# SLO

An SLO is a measurable reliability target for a service.

SLOs give teams a shared reliability target. They also show when reliability is degrading before users are heavily impacted.

```
SLO = SLI measured over a time window must meet a target percentage
```

Example:

`99.9% of HTTP requests to the payment service must succeed over a 28-day rolling window.`

Related pages:

* [Create SLO](https://docs.apica.io/observe/slo/create-slo)
* [SLO Dashboard](https://docs.apica.io/observe/slo/slo-dashboard)

#### Key concepts

**#**. **SLI**

An **SLI** is the metric that measures service behaviour.

In this implementation, the SLI is a ratio:

```
SLI = (Good Events / Total Events) × 100%
```

Use these terms when defining an SLI:

* **Good Events**: requests or events that met the quality bar
* **Total Events**: all requests or events attempted
* **SLI Ratio**: the percentage of good events

Typical example:

* Good Events: HTTP `2xx` responses
* Total Events: all HTTP requests
* SLI Ratio: `99.95%`

The Ascent platform supports query mode:

* **Ratio mode**: select a success metric and a total metric separately

**#**. **SLO**

An **SLO** is the target for the SLI. It is measured over a rolling time window.

Default values:

* **Target percentage**: `99.9%`
* **Time window**: `28d`

Supported examples:

`2h`, `24h`, `7d`, `28d`, `30d`, `90d`

An SLO is met when:

```
SLI ≥ Target Percentage over the entire time window
```

**#**. **Error budget**

The **error budget** is the allowed amount of unreliability.

It is calculated as:

```
Error Budget = 100% − Target Percentage
```

Examples:

* `99.9%` target → `0.1%` error budget
* `99.5%` target → `0.5%` error budget
* `99.0%` target → `1.0%` error budget
* `95.0%` target → `5.0%` error budget

For a `28d` window:

* `99.9%` target allows about `40 minutes` of downtime
* `99.5%` target allows about `3.4 hours` of downtime
* `99.0%` target allows about `6.7 hours` of downtime

{% hint style="info" %}
The error budget is shown live in the target step.

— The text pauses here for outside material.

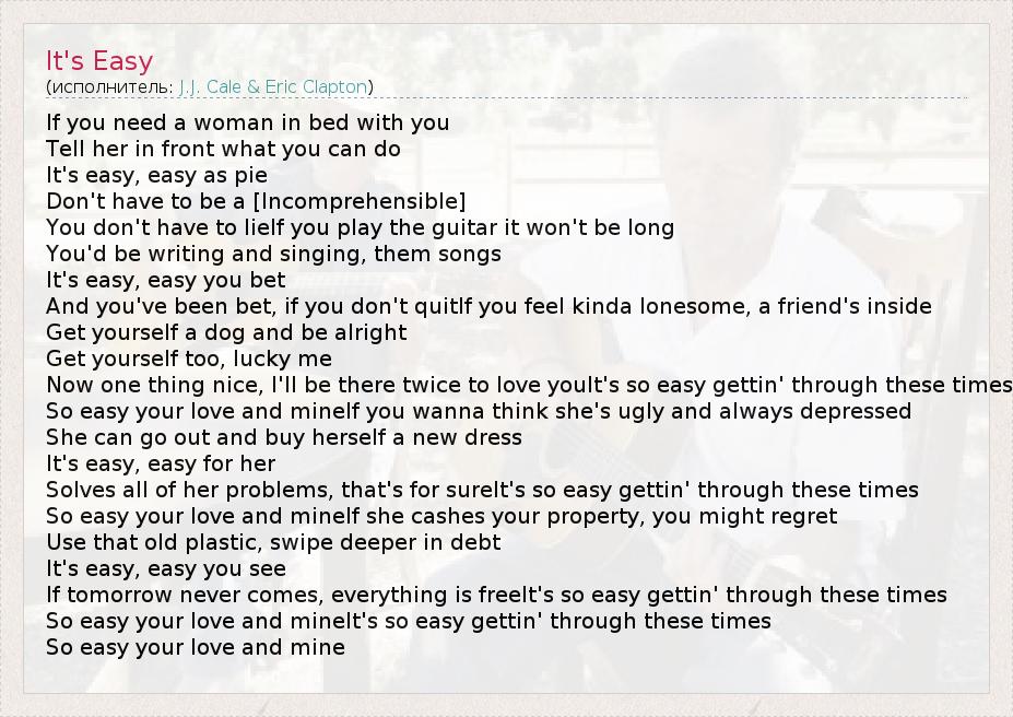 А как ты думаешь, о чем песня "It's Easy" ?

It updates automatically when the target percentage changes.
{% endhint %}

**#**. **Error budget remaining**

**Error budget remaining** shows how much budget is still available in the current SLO window.

The progress bar uses these states:

* More than `50%` remaining: healthy
* `10%` to `50%` remaining: warning
* Less than `10%` remaining: critical

When the remaining budget reaches `0%`, the SLO is violated.

**#**. **Burn rate**

**Burn rate** shows how fast the service is consuming its error budget.

```
Burn Rate = Current Error Rate / Error Budget Rate
```

Examples:

* `1×`: using budget at the expected pace
* `2×`: using budget twice as fast
* `14×`: using budget fast enough to exhaust it in about 2 days for a `28d` window

Burn rate matters because a service can still look acceptable at a glance while burning through its budget too quickly.